Acórdão nº 1967/2004-3 de Court of Appeal of Lisbon (Portugal), 17 de Março de 2004 (caso NULL)
Data | 17 Março 2004 |
Órgão | Court of Appeal of Lisbon (Portugal) |
Acordam em conferência neste Tribunal da Relação de Lisboa Relatório 1- Nos autos de inquérito do TIC de Lisboa, em que é arguido, para além de outros, (JR), foi, no dia "29-11-2002 pelas 17.40 horas", aberta "conclusão" ao Senhor Juiz do TIC de Lisboa, nele exarando o seguinte despacho : "Para os devidos efeitos faço consignar o seguinte : Fui contactado telefonicamente pelo Srº Procurador da República da 2ª secção do DIAP o qual me deu conhecimento de que necessitava que me encontrasse presente amanhã, a partir das 09 horas, no Tribunal já que os presentes autos me seriam conclusos para decisão sobre um pedido de mandados de busca o qual tinha de ser decidido de forma célere atento o perigo de perda de prova. Mais me informou o Digno Magistrado que tal contacto se deveu ao facto de estar escalado como juiz para o Tribunal de Turno à comarca de Lisboa no dia 30.11.02.
Face a tal contacto informei o Digno Magistrado que, se entendia que o caso era, de facto, muito urgente, era meu entendimento que o processo deveria ser despachado ainda hoje e que eu próprio o poderia despachar, pese embora a secretaria já estivesse fechada.
Nesta sequência foi-me entregue, em mão o presente processo.

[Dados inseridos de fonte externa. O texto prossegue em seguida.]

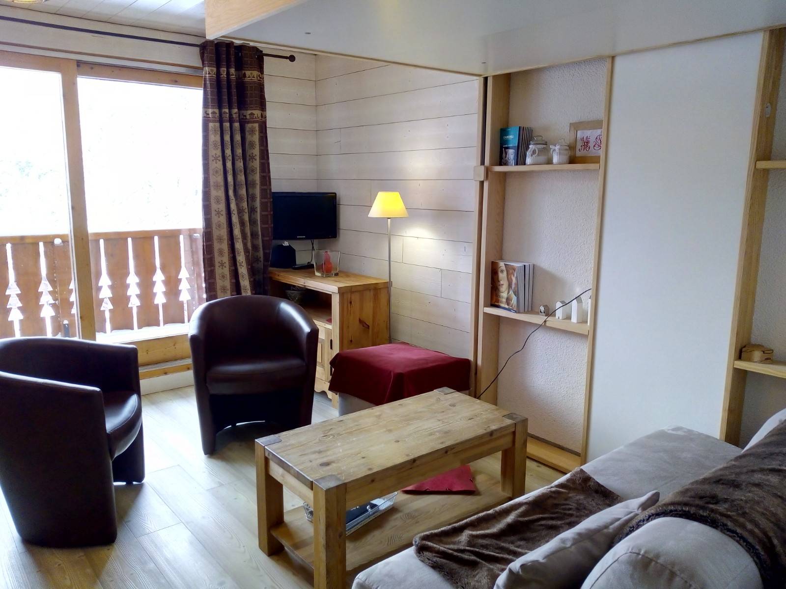 Comfortable open living room with a sofa bed. (the bed on high slides is not available for rental). South facing with a panoramic view of Mont Vallon. A room with a double bed (140x190) and a bunk double bed (80x190).

*Quanto às considerações respeitantes à tramitação interna.
Não fora o adiantado da hora o presente processo teria dado entrada na secção central do TIC e sido distribuído por um dos 5 juízos. Considerando a hora tal já não é possível. Aconteceria então que amanhã o processo daria entrada e ser-me-ia concluso para despacho. O resultado, evidente, seria o mesmo : o processo seria sempre por mim despachado.
De uma outra feição sou juiz deste TIC e mantenho a competência necessária para a decisão de processos urgentes (como o presente - note-se que há notícia de que se poderá dar a perda de prova com a edição do jornal Expresso de manhã que vai para as bancas às primeiras horas do dia) até à meia noite de hoje e o facto da secretaria estar fechada não me retira competência funcional e material.
Por tais razões irei proferir decisão sem prejuízo de, em tempo oportuno, o processo ser distribuído no TIC.
" - fls 21 e 22.
Segue-se depois o despacho respectivo.
1.1- Vindo os autos a ser posteriormente distribuídos ao Juízo do TIC, após a competente conclusão, com data de "7/01/03" - fls 24 - neles exarou este Senhor Juiz o seguinte despacho : "Tendo em conta que o presente processo já foi despachado pelo meu Exmº Colega do Juízo deste TIC, Dr.... (cfr fls...) proceda-se ao averbamento dos presentes autos a esse Juízo, dando-se a competente baixa da distribuição do processo ao Juízo.
" - fls 24 dos autos.
1.2- Foram então, naquela mesma data, os autos remetidos "à Secção Central deste TIC nos termos e para os efeitos do douto despacho que antecede", ainda na mesma data ali se dando "baixa de espécie, tendo-se efectuado o averbamento ao Juízo, nos termos ordenados" - fls 24 e vº.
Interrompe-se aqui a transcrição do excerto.